Friday, March 13, 2009

silver lining

the one positive thing about being so extraordinarily far away from some ppl is that when i really really want to be alone, all i have to do is shut the door, and close the computer.

shutting out, shutting down, and disconnecting.

amazing how you thought you knew some ppl, and then they surprise you so completely, and think nothing of it.

i think i will, against my better efforts, always be a misanthrope by trade and hobby.

-stephan!e

Thursday, February 19, 2009

return to the single life

i miss this.

if you read this regularly and wondered where i'd disappeared to in the last 2 weeks, yr answer is this: i've been here all along, but away from my computer! what do you think about that?!

the truth is that i spend far more time on the internet when i am alone. i used to worry i have become technology-dependent, but i realize now that it's just a proxy for communicating with ppl i can't live without. hm, well, that and a convenient distraction. but i could quit if i wanted to, and i did!

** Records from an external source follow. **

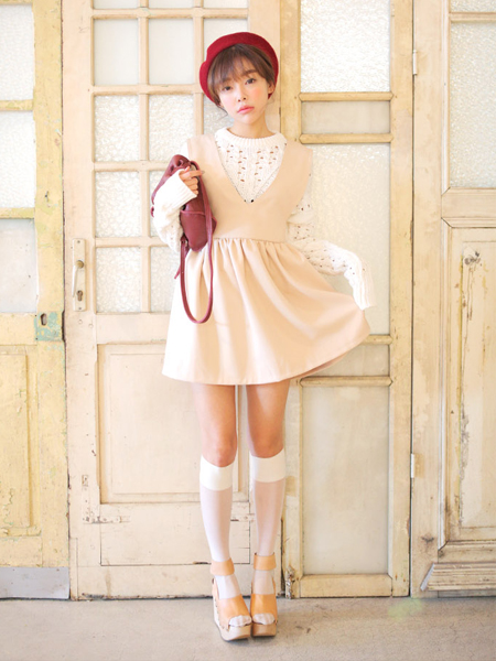 甜美可爱V型背带连衣裙,前后深V型背带,打造经典怀旧风范,腰线附近的碎褶设计,洋溢浪漫情怀,内搭镂空毛衣,助你完美呈现少女般的清新气质!
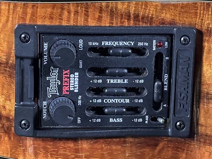 ピックアップシステムはFISHMAN製のPrefix Stereo Blenderが搭載されており、「Taylor」ロゴ入りの当時のままのオリジナルです。コントロールパネルもシンプルで扱いやすく、手元でのEQによる音作りのしやすさ、ピエゾとコンデンサーのミックスも可能で、エアー感のあるアコースティックサウンドを出力できます。
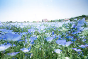 ネモフィラは「Baby blue eyes」とも呼ばれているそうです。ネーミングが素敵ですね。
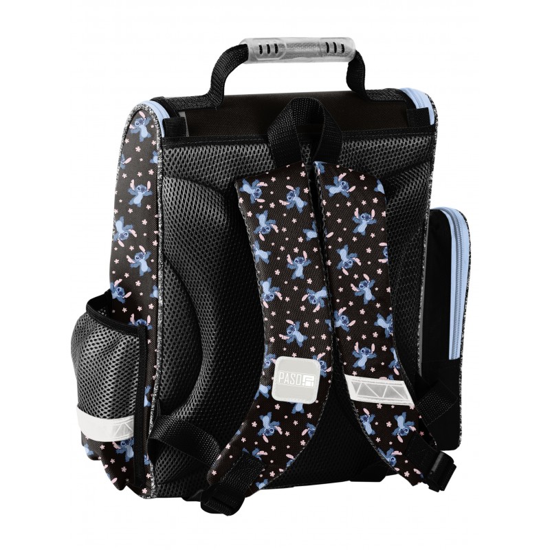 Kuprinė pradinukams PASO Disney Stitch. Puikiai tiks kaip pirma vaiko kuprinė einant į mokyklą. Kuprinė turi vieną talpų pagrindinį skyrių užsegamą dvikrypčiu užtrauktuku. Dekoratyviniai užtrauktuko laikikliai ne tik suteikia išskirtinumo, bet ir palengvina atsegimą. Viduje yra pertvaros, padėsiančios tvarkingai organizuoti daiktus. Priekinėje dalyje yra praktiška kišenė su užtrauktuku. Šonuose – dvi papildomos kišenės: viena iš tinklinės medžiagos, tinkama gertuvei ar buteliukui, kita – užsegama užtrauktuku. Ergonomiškai formuota, standi nugaros dalis efektyviai sumažina krūvį vaiko stuburui. Minkštos, reguliuojamos ir ergonomiškai išformuotos petnešos padeda palaikyti taisyklingą laikyseną. Kuprinės apačia yra sutvirtinta, o atšvaitiniai elementai užtikrina didesnį saugumą kelyje. Matmenys: 36x28x15 cm. Kuprinės svoris: 900 g.
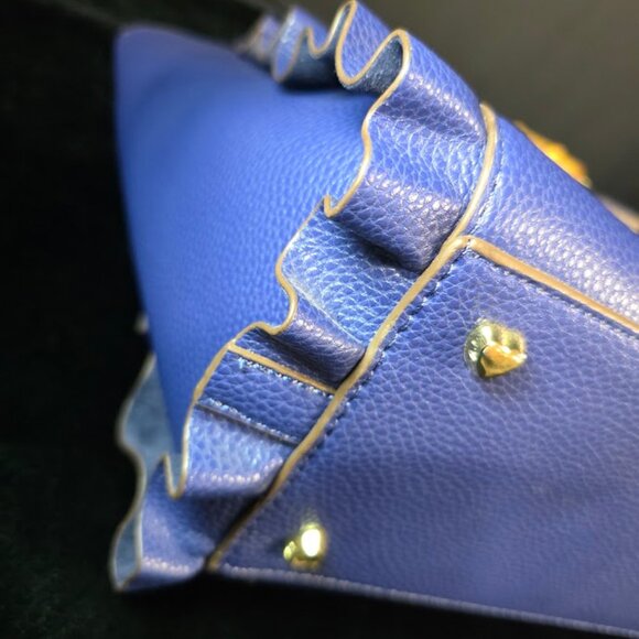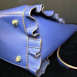 Great pre-loved condition. There are two call-outs that I have taken photos of (see last 2 pics). Color is Blue with Gold hardware.
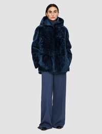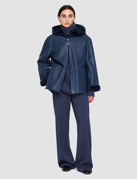 The Cosser Reversible Shearling Coat is a relaxed fit, hooded coat crafted from soft leather. This luxurious piece is reversible, featuring shearling one side and smooth leather on the other side. - We are recommending a size down - Designed for a relaxed fit - Reversible - Hooded style - Front pockets - Step hem - Product code: jf0089831403 - Harbour Blue SIZE ADVICE - Model wears size FR 36/UK 8/EU 34/US 4/DE 34/IT 40/JP 7 CARE & MATERIALS Discover the Care Guide, a guide to help you to care for your garments. - 100% Leather - Do not wash - Do not bleach - Do not tumble dry - Do not iron - Do not dry clean - Cleaning by a leather specialist only
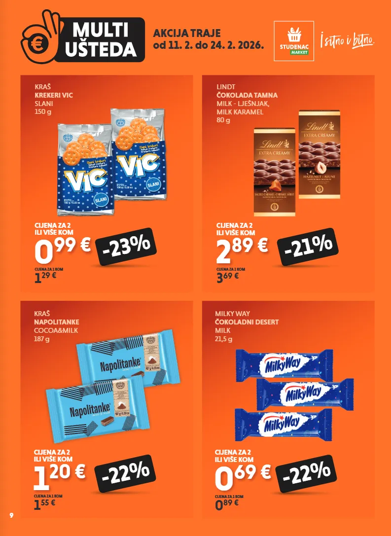 akcija traje od 11. 2. do 24. 2. 2026. 9 lindt čokolada tamna milk - lješnjak, milk karamel 80 g 2 89 € 3 69 € cijena za 1 kom -21% cijena za 2 ili više kom kraš krekeri vic slani 150 g 0 99 € 1 29 € cijena za 1 kom -23% cijena za 2 ili više kom kraš napolitanke cocoa&milk 187 g 1 20 € 1 55 € cijena za 1 kom -22% cijena za 2 ili više kom milky way čokoladni desert milk 21,5 g 0 69 € 0 89 € cijena za 1 kom -22% cijena za 2 ili više kom
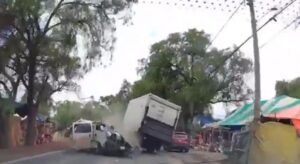 ESTADO DE MÉXICO. – Un video capturó el momento exacto en el que un tráiler invade el carril contrario, chocando y destrozando a una combi de pasajeros en Zumpango, en el Estado de México; el chofer se dio huyó del lugar después de provocar el aparatoso accidente. Accesozac. El hecho ocurrió el pasado 13 de … Sigue leyendo VIDEO: Trailer invade carril contrario y destroza combi de pasajeros
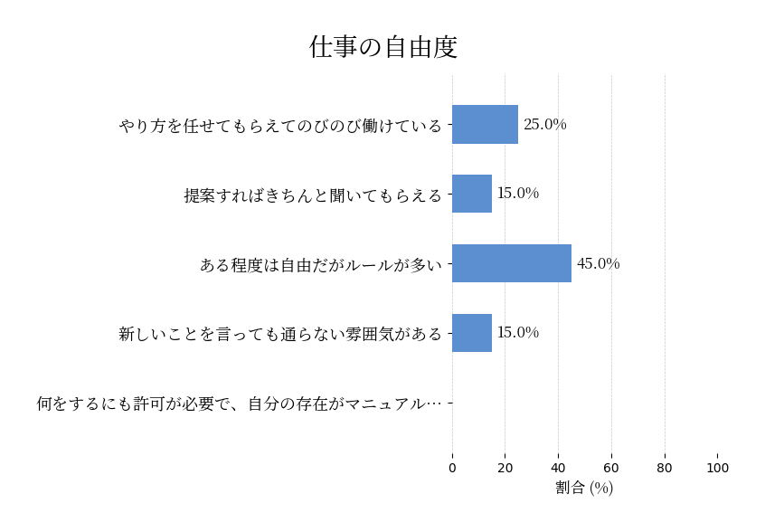 今の仕事では、自分の判断やアイデアをどの程度反映できていますか?
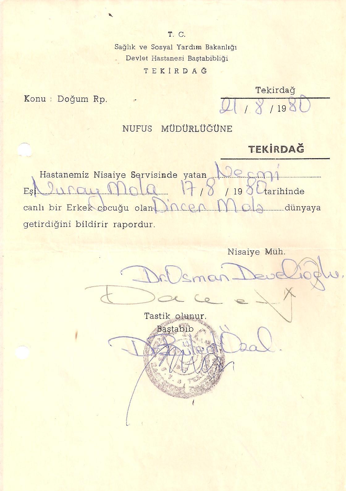 Tekirdağ’da çalıştığımız yılların hemen herkesçe yapılan ortak keyfi, akşamüzeri deniz kıyısına inip sahil boyunca turlamaktı. Bu hem bir gezinti oluyor hem de birçok tanıdık eş dost orada birbirine rastlıyor, yorulunca da bir çay bahçesinde denize karşı çayını yudumluyordu. 1980 yılının 16 Ağustosunda biz de aynı durumu tekrarlamak için sahile inmiştik ve bir iki tur atınca Nuray’ın sancısı başladı. Sahici mi, yalancısı mı, tekrarlıyor mu, tekrarlamıyor mu derken eve gitmenin en doğrusu olduğuna karar verdik. Evde de sancılar tekrarlamaya başlayınca herhalde hastaneye gitme vakti geldi diye düşündük. Böyle durumlarda sanki doğuracak benmişim gibi daha fazla paniklerim. O zaman da öyle oldu. Bavul eşya falan filan derken elim ayağım birbirine karışıyordu. Hava kararmadan biz hastaneye gelmiştik. Ben hemen Muratlı’ya giderek annemi de hastaneye getirdim. Hastanelerde insan böylesi durumlarda bir tanıdık yüz arıyor hep. Öyle bir aksilik ki ne zaman zaman muayene olup kontrolleri yapan kadın doğumcu doktora ne de üst katımızda oturan ve hastanede ebe olarak çalışan komşumuza bir türlü ulaşamadık.

2 weeks was the exact amount of time my boyfriend was in LA. we were making up for lost time. 6 months is a long time not to see someone who makes you obliviously and ridiculously happy. but now he's gone again, still in transit on his return to that lucky country of Turkey. and now things are quiet and lonely. it's back to cooking dinners for two and only eating half, saving leftovers in tupperware containers, not drinking wine and lighting candles, brushing my teeth all by myself, taking a week to finish a carton of orange juice, taking a week and a half to finish a loaf of bread, waiting in line at the grocery store all by myself, sorting receipts and grading papers, working out obsessively and yes, blogging, twittering, tumblring, and checking email because now i have the time.

there are infinite daily events in modern life that have the potential to be either extremely gratifying or intensely miserable. these ritual behaviors can be vastly improved by pleasant companionship, eased by a reassuring hand or the proximity of a familiar human touch. unfortunately, these are frequently things we take for granted, and these events comprise the majority of every day. and as with so many things, we notice and lament the lack more than we appreciate the presence, sometimes. it is bad enough to feel so alone, but then something as small as getting into a car and looking over to the passenger seat and realizing there's no one there to talk to or hold yr hand thru rush hour traffic, or to notice all the leftover pasta in the pan after you're already full, those are things that make you heartsick.

coming back to my apartment last night after dropping Ben off at the airport encapsulated the feeling that lingers this evening as i write this, that will probably persist in all its manifest forms for the next 4 months until i see him again or have another visitor: an empty apartment, only my clothes in a messy heap on the chair, pillows stacked on one side of the bed, one set of towels, one toothbrush in a cup.

i once wrote that returning to an empty apartment after weeks of constant companionship is perhaps the most depressing experience imaginable. but i was wrong. what saddens me most is returning to the way life is, rather than the way it could be.